Could every line below be transcribed exactly, with the pictures dropped?

● **SUPPLIED MATERIAL**
---

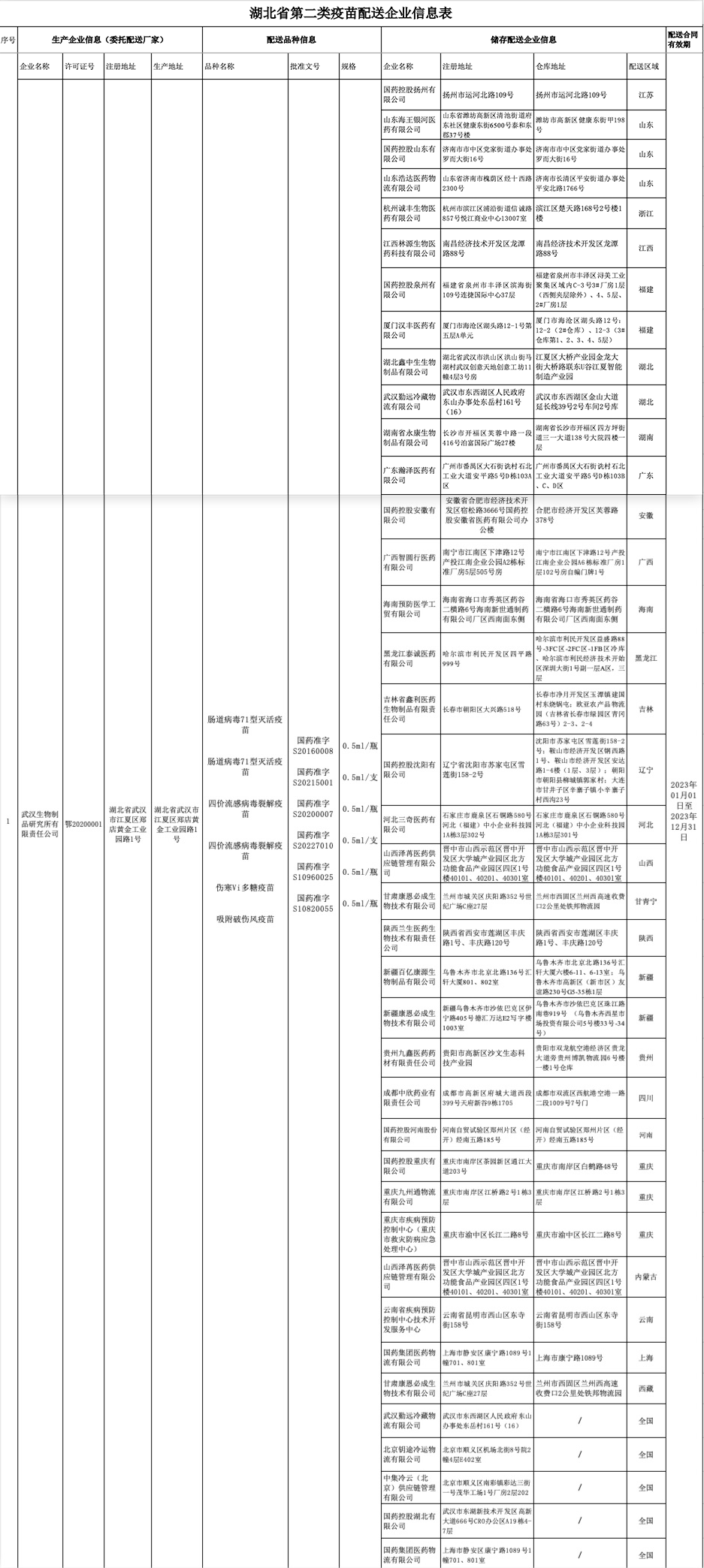 湖北省第二類疫苗配送企業(yè)信息表
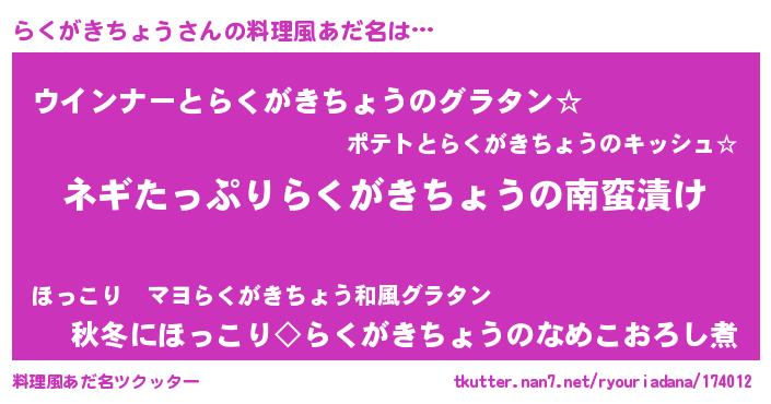 | ヘコむあだ名 | 『らくにー』『なまこ酢』 |
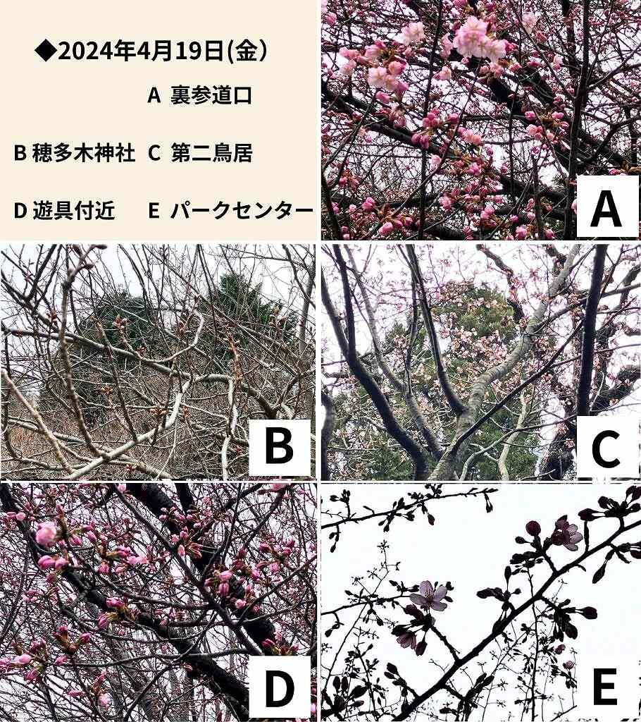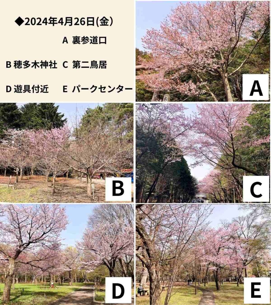 パークセンター前のシダレザクラはきれいに咲いており、写真を撮る人も。公園南側の坂下野球場のソメイヨシノもまだ咲いています。

---

● **TASK SOLUTION**
 湖北省第二類疫苗配送企業(yè)信息表
 | ヘコむあだ名 | 『らくにー』『なまこ酢』 |
 パークセンター前のシダレザクラはきれいに咲いており、写真を撮る人も。公園南側の坂下野球場のソメイヨシノもまだ咲いています。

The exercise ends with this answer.